Assigned task —
Transcribe word for word the lines below from the line with "針對這些需求,O形圈專用的薄" through the line with "under CC BY 4.0", ends included.

====================

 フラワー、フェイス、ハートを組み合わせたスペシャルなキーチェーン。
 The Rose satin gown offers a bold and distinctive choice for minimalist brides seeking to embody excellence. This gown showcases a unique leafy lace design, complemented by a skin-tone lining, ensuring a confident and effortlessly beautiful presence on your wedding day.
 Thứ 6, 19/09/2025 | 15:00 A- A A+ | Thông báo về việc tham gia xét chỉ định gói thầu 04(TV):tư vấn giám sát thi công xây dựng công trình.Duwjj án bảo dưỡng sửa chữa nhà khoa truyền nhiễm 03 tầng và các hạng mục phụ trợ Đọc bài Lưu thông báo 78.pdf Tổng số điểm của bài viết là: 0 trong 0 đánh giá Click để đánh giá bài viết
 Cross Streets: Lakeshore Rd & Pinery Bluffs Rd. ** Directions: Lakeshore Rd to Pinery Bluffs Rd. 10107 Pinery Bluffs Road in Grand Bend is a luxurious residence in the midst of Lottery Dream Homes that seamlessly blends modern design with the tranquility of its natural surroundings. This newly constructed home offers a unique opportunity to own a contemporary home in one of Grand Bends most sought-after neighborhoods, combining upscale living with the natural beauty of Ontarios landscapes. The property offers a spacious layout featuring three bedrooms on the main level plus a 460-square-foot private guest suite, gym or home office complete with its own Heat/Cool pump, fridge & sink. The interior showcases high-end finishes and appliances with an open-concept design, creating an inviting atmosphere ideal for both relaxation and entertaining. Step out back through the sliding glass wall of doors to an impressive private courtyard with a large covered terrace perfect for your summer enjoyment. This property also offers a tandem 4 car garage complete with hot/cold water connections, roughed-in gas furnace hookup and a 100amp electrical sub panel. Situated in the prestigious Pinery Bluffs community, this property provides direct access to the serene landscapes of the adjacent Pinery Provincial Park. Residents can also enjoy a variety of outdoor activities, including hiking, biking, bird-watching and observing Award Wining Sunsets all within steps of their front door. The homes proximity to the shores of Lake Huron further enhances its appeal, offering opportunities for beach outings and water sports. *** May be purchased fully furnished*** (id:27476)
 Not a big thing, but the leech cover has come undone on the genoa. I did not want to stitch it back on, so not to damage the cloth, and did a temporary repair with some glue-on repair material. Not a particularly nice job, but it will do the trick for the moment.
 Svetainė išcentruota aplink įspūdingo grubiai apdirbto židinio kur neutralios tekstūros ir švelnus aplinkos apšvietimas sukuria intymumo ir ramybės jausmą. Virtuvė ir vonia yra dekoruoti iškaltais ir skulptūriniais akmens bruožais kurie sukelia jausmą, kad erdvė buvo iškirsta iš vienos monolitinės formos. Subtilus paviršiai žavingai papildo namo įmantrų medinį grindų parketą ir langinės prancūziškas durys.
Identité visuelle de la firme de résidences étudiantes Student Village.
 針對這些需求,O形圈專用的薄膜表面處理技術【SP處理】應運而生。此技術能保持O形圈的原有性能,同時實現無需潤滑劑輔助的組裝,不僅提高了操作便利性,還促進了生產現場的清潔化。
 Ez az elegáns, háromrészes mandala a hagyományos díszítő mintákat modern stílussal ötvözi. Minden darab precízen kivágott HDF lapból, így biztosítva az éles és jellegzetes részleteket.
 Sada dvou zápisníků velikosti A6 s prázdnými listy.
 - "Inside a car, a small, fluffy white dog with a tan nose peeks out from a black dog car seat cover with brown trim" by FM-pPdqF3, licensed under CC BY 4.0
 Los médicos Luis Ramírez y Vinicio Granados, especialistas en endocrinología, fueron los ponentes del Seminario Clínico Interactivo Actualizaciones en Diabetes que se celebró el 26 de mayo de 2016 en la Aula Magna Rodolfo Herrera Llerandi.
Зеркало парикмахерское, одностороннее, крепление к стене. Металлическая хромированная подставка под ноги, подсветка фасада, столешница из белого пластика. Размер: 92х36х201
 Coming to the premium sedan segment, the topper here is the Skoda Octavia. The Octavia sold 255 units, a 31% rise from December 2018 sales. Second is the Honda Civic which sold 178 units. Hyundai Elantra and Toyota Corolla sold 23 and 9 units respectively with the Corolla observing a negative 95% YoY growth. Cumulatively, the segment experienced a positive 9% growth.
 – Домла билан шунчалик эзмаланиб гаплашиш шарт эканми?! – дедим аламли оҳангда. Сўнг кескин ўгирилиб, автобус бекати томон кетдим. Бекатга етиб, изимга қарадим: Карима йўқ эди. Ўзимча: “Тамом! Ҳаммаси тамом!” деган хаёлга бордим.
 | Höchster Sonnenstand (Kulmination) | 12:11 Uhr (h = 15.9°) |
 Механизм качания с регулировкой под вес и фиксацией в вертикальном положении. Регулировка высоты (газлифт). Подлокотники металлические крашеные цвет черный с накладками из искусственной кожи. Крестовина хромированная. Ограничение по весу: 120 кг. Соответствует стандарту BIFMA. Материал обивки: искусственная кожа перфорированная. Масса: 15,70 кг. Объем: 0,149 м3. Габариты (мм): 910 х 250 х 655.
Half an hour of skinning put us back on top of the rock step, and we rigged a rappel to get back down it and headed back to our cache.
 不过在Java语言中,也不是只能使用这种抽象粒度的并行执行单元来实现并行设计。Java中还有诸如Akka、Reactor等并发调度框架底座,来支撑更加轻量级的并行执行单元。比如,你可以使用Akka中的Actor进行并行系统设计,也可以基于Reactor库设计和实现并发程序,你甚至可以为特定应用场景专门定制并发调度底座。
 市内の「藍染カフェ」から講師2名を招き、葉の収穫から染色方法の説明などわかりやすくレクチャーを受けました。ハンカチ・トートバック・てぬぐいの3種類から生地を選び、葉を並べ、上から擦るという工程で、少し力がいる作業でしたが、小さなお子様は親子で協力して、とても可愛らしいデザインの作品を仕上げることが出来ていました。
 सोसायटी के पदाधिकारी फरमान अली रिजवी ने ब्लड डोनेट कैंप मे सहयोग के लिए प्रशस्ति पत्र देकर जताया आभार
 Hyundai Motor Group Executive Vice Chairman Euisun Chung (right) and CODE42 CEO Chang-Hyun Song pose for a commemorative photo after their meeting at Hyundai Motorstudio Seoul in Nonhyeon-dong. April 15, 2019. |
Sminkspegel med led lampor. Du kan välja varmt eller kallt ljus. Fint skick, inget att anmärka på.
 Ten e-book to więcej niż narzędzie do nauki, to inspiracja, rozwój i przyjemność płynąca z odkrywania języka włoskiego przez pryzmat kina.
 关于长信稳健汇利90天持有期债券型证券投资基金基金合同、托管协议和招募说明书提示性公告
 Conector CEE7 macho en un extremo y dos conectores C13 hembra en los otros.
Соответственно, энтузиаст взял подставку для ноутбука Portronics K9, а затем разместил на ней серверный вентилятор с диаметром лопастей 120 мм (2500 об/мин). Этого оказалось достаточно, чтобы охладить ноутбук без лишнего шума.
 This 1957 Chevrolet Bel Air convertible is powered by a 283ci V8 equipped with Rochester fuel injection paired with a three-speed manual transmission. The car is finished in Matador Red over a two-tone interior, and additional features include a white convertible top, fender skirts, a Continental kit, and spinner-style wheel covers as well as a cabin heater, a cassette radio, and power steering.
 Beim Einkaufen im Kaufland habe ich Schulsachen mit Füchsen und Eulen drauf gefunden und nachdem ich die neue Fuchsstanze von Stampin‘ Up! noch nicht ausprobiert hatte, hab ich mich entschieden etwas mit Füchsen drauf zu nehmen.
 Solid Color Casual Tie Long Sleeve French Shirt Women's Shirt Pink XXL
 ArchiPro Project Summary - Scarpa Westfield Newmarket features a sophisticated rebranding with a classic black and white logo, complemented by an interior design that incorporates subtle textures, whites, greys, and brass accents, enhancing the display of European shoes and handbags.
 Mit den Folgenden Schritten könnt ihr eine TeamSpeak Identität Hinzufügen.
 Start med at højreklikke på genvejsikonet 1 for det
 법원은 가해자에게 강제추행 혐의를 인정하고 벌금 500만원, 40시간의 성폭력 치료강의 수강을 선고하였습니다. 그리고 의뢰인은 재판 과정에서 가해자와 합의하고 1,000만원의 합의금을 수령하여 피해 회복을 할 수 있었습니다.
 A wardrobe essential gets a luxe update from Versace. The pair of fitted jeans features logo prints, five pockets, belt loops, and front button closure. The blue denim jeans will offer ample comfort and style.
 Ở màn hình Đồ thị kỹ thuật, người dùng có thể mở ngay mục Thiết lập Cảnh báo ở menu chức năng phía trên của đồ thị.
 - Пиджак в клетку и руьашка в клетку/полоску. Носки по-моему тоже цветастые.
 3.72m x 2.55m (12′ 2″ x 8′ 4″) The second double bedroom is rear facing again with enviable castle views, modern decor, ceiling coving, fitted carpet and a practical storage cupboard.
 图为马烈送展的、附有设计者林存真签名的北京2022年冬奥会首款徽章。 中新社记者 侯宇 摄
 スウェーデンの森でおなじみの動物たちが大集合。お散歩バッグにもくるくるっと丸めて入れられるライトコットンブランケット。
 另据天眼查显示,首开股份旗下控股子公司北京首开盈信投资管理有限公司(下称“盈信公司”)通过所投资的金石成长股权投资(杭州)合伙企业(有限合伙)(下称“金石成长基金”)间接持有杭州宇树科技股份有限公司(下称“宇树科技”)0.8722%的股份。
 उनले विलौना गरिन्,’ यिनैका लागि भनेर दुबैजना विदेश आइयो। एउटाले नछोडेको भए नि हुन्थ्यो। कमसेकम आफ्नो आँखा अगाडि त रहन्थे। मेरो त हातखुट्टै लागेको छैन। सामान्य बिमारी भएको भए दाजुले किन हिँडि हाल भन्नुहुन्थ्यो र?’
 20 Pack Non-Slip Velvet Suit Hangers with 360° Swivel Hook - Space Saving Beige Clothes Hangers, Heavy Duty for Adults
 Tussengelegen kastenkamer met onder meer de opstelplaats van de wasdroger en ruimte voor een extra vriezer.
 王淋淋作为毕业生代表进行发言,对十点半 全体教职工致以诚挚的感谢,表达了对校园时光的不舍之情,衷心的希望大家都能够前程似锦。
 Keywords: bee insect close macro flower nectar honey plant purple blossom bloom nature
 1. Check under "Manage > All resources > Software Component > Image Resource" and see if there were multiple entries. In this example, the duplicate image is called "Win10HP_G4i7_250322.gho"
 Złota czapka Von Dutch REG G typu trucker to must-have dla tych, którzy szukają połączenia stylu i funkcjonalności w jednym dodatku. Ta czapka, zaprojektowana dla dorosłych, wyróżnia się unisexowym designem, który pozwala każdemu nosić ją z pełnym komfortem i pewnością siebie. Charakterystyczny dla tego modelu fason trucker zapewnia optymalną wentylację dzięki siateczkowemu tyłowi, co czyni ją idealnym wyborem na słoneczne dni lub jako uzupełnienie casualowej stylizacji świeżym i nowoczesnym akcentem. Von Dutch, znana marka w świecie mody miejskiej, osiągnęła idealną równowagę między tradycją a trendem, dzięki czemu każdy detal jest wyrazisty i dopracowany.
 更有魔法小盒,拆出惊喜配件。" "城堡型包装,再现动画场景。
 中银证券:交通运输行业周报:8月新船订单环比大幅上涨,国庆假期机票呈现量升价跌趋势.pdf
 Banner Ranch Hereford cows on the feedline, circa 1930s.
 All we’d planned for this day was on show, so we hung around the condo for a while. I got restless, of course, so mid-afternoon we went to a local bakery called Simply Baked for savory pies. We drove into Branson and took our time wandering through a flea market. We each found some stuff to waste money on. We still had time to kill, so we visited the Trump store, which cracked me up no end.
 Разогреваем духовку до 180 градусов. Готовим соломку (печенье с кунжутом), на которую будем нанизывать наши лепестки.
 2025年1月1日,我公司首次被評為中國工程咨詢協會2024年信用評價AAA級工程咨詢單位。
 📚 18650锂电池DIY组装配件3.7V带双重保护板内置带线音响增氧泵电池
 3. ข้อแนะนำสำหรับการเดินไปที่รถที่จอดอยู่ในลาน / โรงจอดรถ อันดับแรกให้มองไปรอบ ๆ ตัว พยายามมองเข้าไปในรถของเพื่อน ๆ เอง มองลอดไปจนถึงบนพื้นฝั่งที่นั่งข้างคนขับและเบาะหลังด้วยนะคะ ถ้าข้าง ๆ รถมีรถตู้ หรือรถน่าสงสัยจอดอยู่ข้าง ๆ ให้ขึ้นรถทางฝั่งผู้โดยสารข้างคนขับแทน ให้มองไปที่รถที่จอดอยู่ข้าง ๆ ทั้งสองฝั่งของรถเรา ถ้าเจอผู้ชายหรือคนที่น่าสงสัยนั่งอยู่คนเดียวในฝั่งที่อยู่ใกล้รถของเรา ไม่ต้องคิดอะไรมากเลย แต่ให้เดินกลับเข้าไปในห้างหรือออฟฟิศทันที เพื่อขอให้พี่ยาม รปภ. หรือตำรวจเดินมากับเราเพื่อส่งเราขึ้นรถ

====================

Exercise response —
 針對這些需求,O形圈專用的薄膜表面處理技術【SP處理】應運而生。此技術能保持O形圈的原有性能,同時實現無需潤滑劑輔助的組裝,不僅提高了操作便利性,還促進了生產現場的清潔化。
 Ez az elegáns, háromrészes mandala a hagyományos díszítő mintákat modern stílussal ötvözi. Minden darab precízen kivágott HDF lapból, így biztosítva az éles és jellegzetes részleteket.
 Sada dvou zápisníků velikosti A6 s prázdnými listy.
 - "Inside a car, a small, fluffy white dog with a tan nose peeks out from a black dog car seat cover with brown trim" by FM-pPdqF3, licensed under CC BY 4.0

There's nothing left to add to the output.